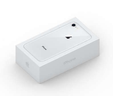
U.S. retail packaging of iPhone 8 contains 79 percent less plastic than iPhone 6s packaging and contains 59 percent recycled content.
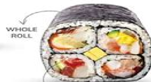
SEVEN DIFFERENT FILLINGS, EACH REPRESENTING ONE GOD OF FORTUNE
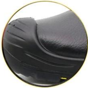
Waterproof cow leather upper

Removable metatomical HI-POLY footbed provides long-lasting underfoot support and comfort.
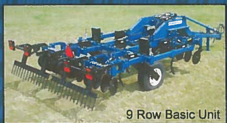
9 Row Basic Unit
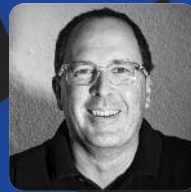
Assistant Production Manager
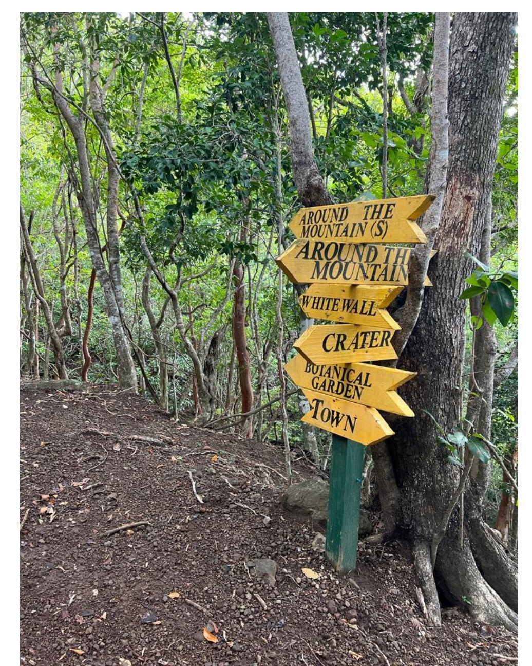
Figure 5. Nature walks
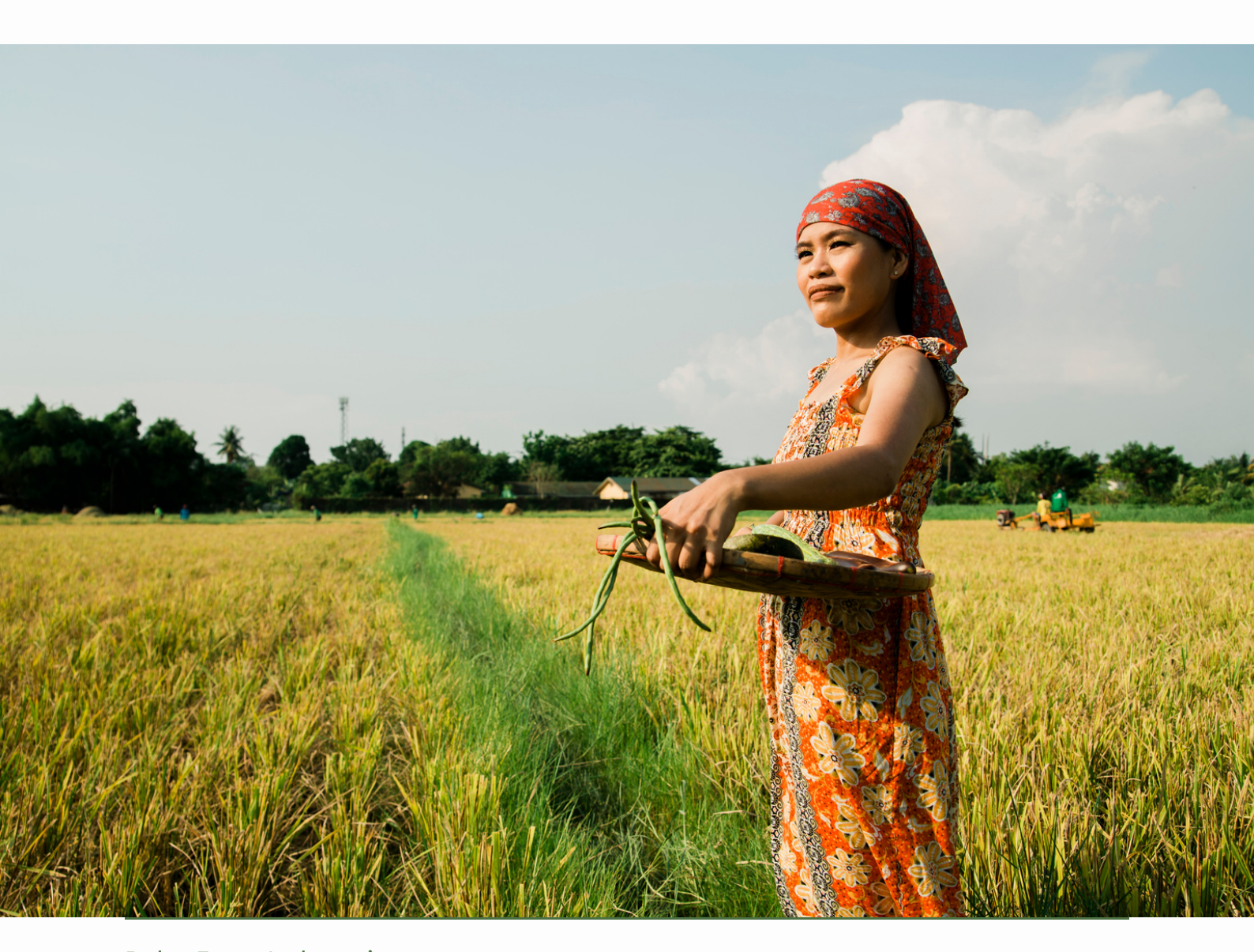
Palm From Indonesia

Palm From Indonesia committed In making only the best organic Indonesian palm sugar to respect the environment and maintain good quality. That is because we believe in supporting the sustainable agriculture concept by providing the best of Indonesia's natural resources to the world.
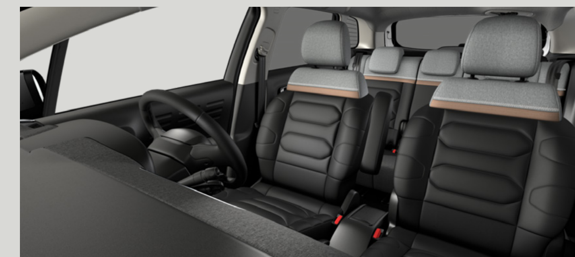
Metropolitan Graphite ambience Standard on Shine Plus, optional on Shine.
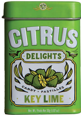
2. BS19046 Key Lime
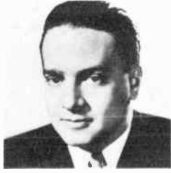
VINCENT LOPEZ "Fantasia On The Keyboard"
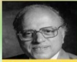
M. S. Swaminathan
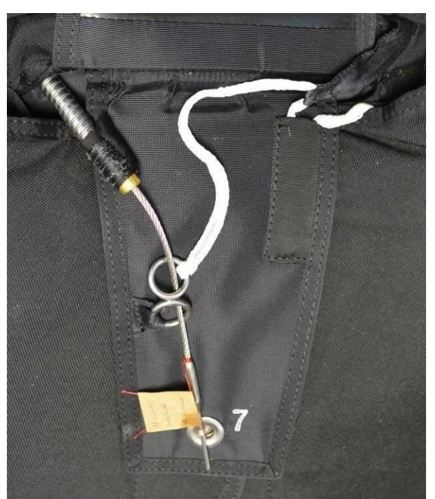
View of the correctly connected ring of the AOZP-RAX system and the closed and sealed parachute cover.

Figure no. 10 Notice: The cable of the reserve parachute ripcord including the needle must pass through the AOZP-RAX cord ring with 15 mm diameter and a spacer ring!

Exercise description :: Each line in the listing that contains "parachute" should be returned.

Exercise result ::
View of the correctly connected ring of the AOZP-RAX system and the closed and sealed parachute cover.
Figure no. 10 Notice: The cable of the reserve parachute ripcord including the needle must pass through the AOZP-RAX cord ring with 15 mm diameter and a spacer ring!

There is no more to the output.